There are several objects (data structures) introduced to help on the
event registration, enablement, disablement, unregistration, reset,
delivery and handling.

* kvm_sdei_event_handler
SDEI event handler, which is provided through EVENT_REGISTER
hypercall, is called when the SDEI event is delivered from
host to guest.
* kvm_sdei_event_context
The saved (preempted) context when SDEI event is delivered
for handling.
* kvm_sdei_vcpu
SDEI events and their states.

The patches are organized as below:

PATCH[01-02] Preparatory work to extend smccc_get_argx() and refactor
hypercall routing mechanism
PATCH[03] Adds SDEI virtualization infrastructure
PATCH[04-16] Supports various SDEI hypercalls and event handling
PATCH[17] Exposes SDEI capability
PATCH[18-19] Support SDEI migration
PATCH[20] Adds document about SDEI
PATCH[21-22] SDEI related selftest cases

The previous revisions can be found:

v6: https://lore.kernel.org/lkml/20220403153911.12332-4-gshan@xxxxxxxxxx/T/
v5: https://lore.kernel.org/kvmarm/20220322080710.51727-1-gshan@xxxxxxxxxx/
v4: https://lore.kernel.org/kvmarm/20210815001352.81927-1-gshan@xxxxxxxxxx/
v3: https://lore.kernel.org/kvmarm/20210507083124.43347-1-gshan@xxxxxxxxxx/
v2: https://lore.kernel.org/kvmarm/20210209032733.99996-1-gshan@xxxxxxxxxx/
v1: https://lore.kernel.org/kvmarm/20200817100531.83045-1-gshan@xxxxxxxxxx/


Copying Oliver's new email address (oliver.upton@xxxxxxxxx).

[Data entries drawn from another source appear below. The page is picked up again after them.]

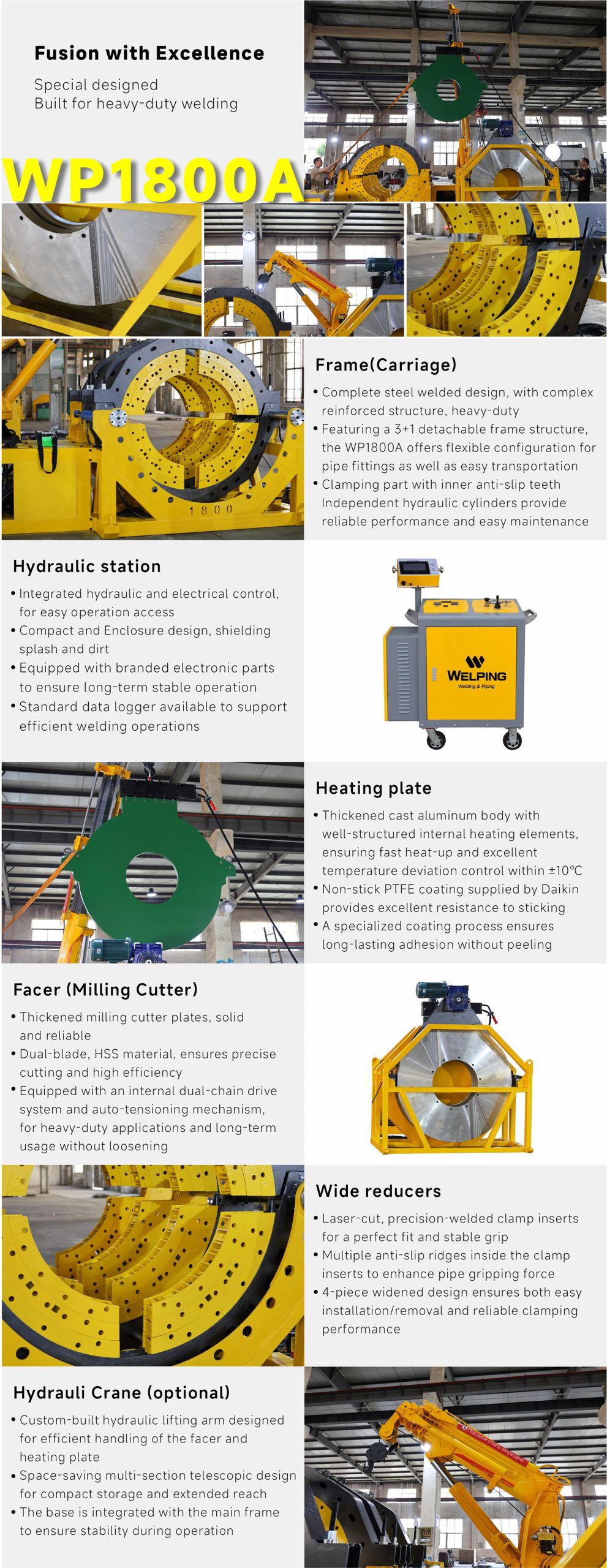 - The WP1800A butt fusion machine is a multi-purpose machine that has been specifically designed to weld pipes with diameters ranging from 1200mm to 1800mm. It is capable of butt fusion welding pipes and fittings of all pressure levels. This butt welding machine with high welding precision, ensures the quality of welded joints.
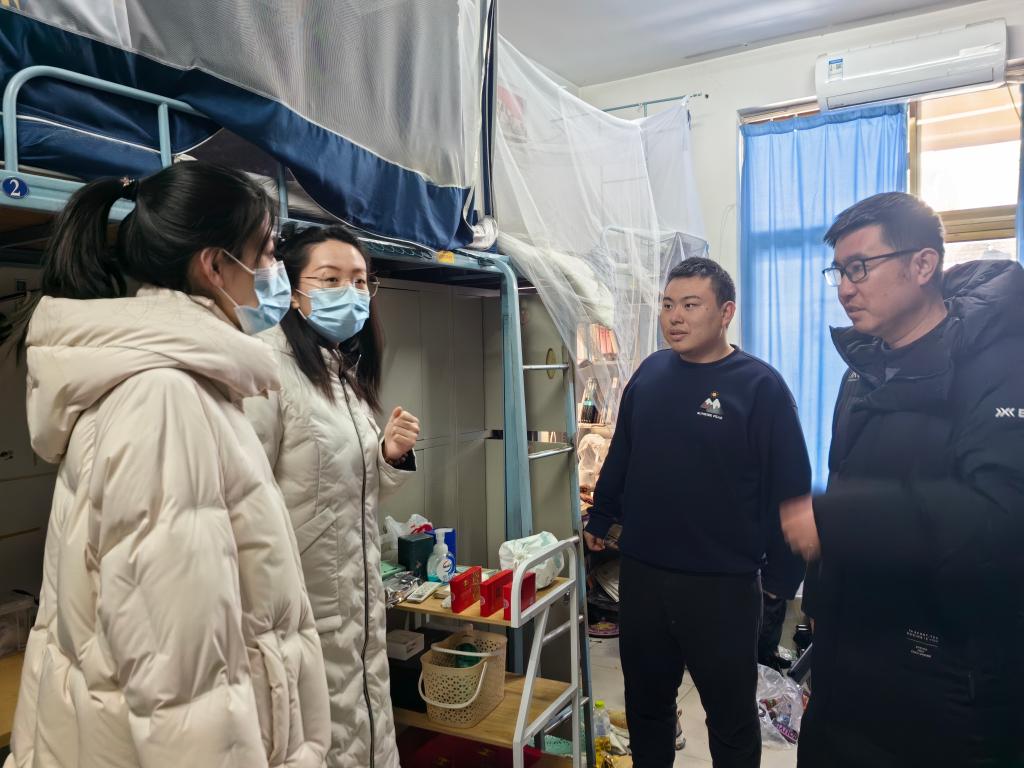 筑牢防线,深入开展新学期安全检查。2月24日-27日,学院安全工作领导小组、学工队伍先后走访研究生自习室、学生实验室、学生宿舍,开展安全隐患排查,与返校学生进行亲切交流,了解学生思想、心理、学业规划、就业状态等情况,叮嘱学生提升安全意识,注意宿舍用电安全、电动车骑行安全等,引导学生尽快实现状态转换,以崭新的面貌迎接新学期的到来。学生上课首日,学院领导、系主任、辅导员分别深入课堂,实地了解新学期教学设备运行、教学课堂秩序、学生课堂学习等情况,为新学期教学工作奠定了良好基础。
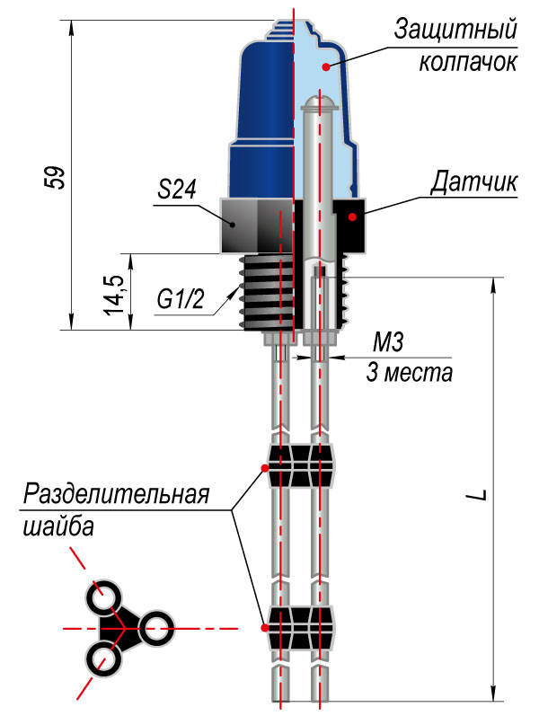 До трех уровней сигнализации, конструкция разделительных шайб (5 шт.) препятствует скоплению жидкости и практически исключает ложное срабатывание датчика |
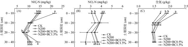 2 结果与分析 2.1 土壤NH4+-N,NO3–-N和全氮如图 1A所示,土壤NH4+-N含量随剖面深度增加呈先减后增的规律:0 ~ 30 cm剖面逐渐下降,而在30 ~ 40 cm剖面上升。同土层不同处理间比较发现:在0 ~ 10 cm剖面中,N200+BC0.5% 处理的NH4+-N含量达到最大值21.6 mg/kg,比N200和N200+BC1.5% 处理显著提高49.1% 和44.1%;各处理10 ~ 20 cm土壤NH4+-N含量无显著差异;与CK处理相比,N200处理20 ~ 30 cm土壤NH4+-N显著降低15.2%,但与生物质炭处理间没有显著差异;在30 ~ 40 cm剖面中,N200处理的NH4+-N含量达到14.2 mg/kg,比其他处理显著提高27.4% ~ 32.8%。
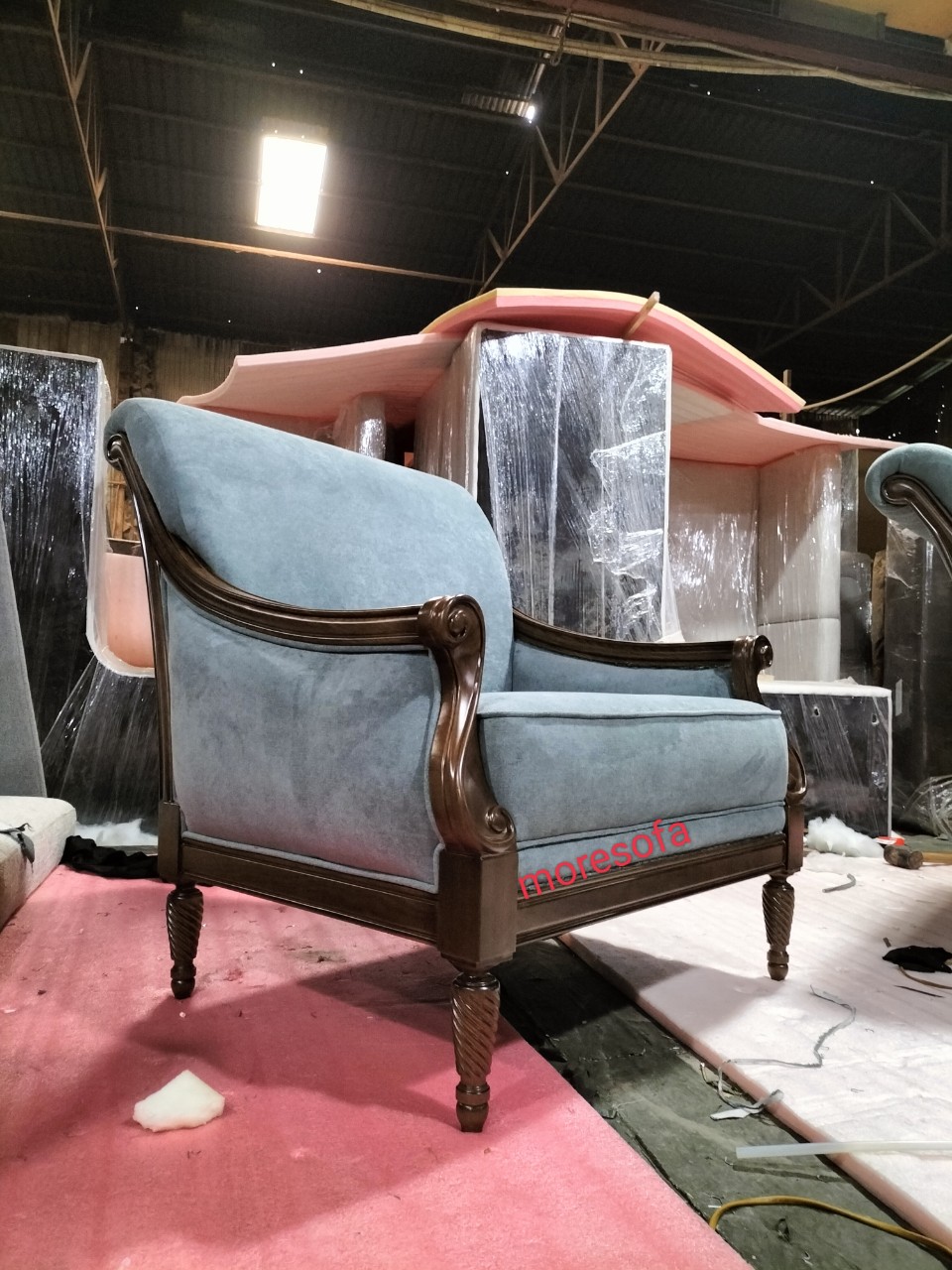 Xưởng sản xuất nội thất Morehome giới thiệu tới khách hàng mẫu ghế sofa đơn khung gỗ bọc nệm tân cổ điển với chi tiết sắc nét, chạm khắc tỉ mỉ cầu kì mang tới một sản phẩm chất lượng và thẩm mỹ cao
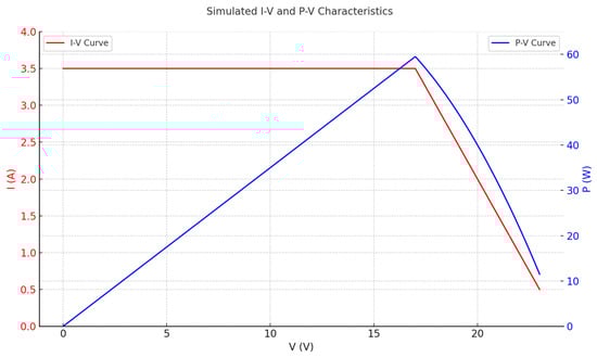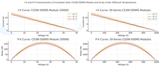 We utilized the Canadian Solar HiKu CS3W-500MS for the simulation, a 500-watt commercial-grade photovoltaic (PV) solar panel widely adopted in utility-scale, commercial, and high-efficiency residential solar installations. This module is known for its high energy yield, robust design, and reliability under varying environmental conditions. The CS3W-500MS panel uses advanced monocrystalline PERC cell technology, which enhances light capture and improves overall power conversion efficiency. The panel’s peak power output (Pmax) is 500 W, measured under Standard Test Conditions (STC): irradiance of 1000 W/m2, cell temperature of 25 °C, and air mass of 1.5 bar. The maximum power point voltage (Vmp) is approximately 41.0 V, and the maximum power point current (Imp) is about 12.2 A, making it well suited for high-capacity series–parallel configurations. These characteristics ensure efficient energy conversion, stable performance under partial shading or temperature variation, and compatibility with MPPT-based control strategies. The electrical behavior of the panel, including its I-V and P-V characteristics, is illustrated in Figure 5. The dual-axis layout illustrates the typical behavior of a photovoltaic (PV) module: current remains relatively constant up to a certain voltage, beyond which it drops sharply—resulting in the peak of the power curve. This peak represents the Maximum Power Point (MPP), a critical target for MPPT algorithms. The graph provides a visual reference for the electrical behavior of PV systems and is essential for understanding how controllers optimize performance by adjusting operating voltage.
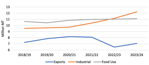 Прогнозируется, что потребление соевого масла вырастет на 5 процентов благодаря росту спроса на продукты питания в Китае и более высокому промышленному потреблению в США и Бразилии. Прогнозируется, что мировой экспорт вырастет на 8 процентов в 2023/24 году благодаря восстановлению производства в Аргентине, но останется ниже прежнего уровня из-за роста промышленного потребления в странах-экспортерах.
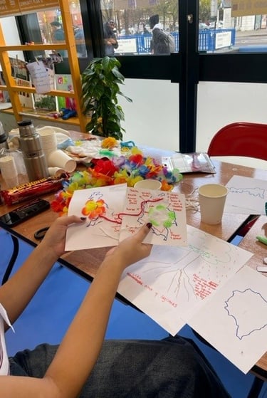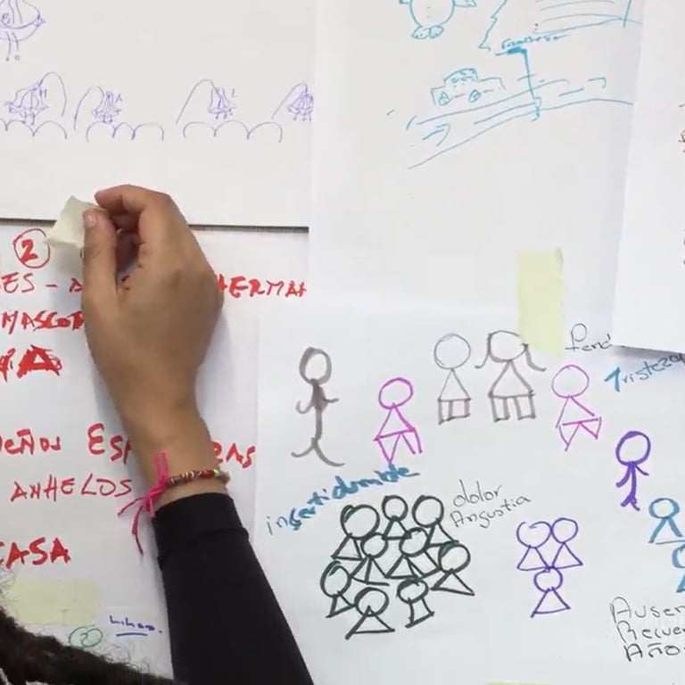 El proceso incluyó diversas actividades semanales orientadas a la recopilación y mapeo de relatos de vida y experiencias migratorias de 25 participantes, entre personas residentes en Londres y colombianos retornados al país.

Please let me know if I need to rebase and repost the series.

My main issue with this series is that it is a solution in search of a
problem. It is only an enabler for Asynchronous Page Fault support,
and:

- as far as I know, the core Linux/arm64 maintainers have no plan to
support APF. Without it, this is a pointless exercise. And even with
it, this introduces a Linux specific behaviour in an otherwise
architectural hypervisor (something I'm quite keen on avoiding)

- It gives an incentive to other hypervisor vendors to add random crap
to the Linux mm subsystem, which is even worse. At this stage, we
might as well go back to the Xen PV days altogether.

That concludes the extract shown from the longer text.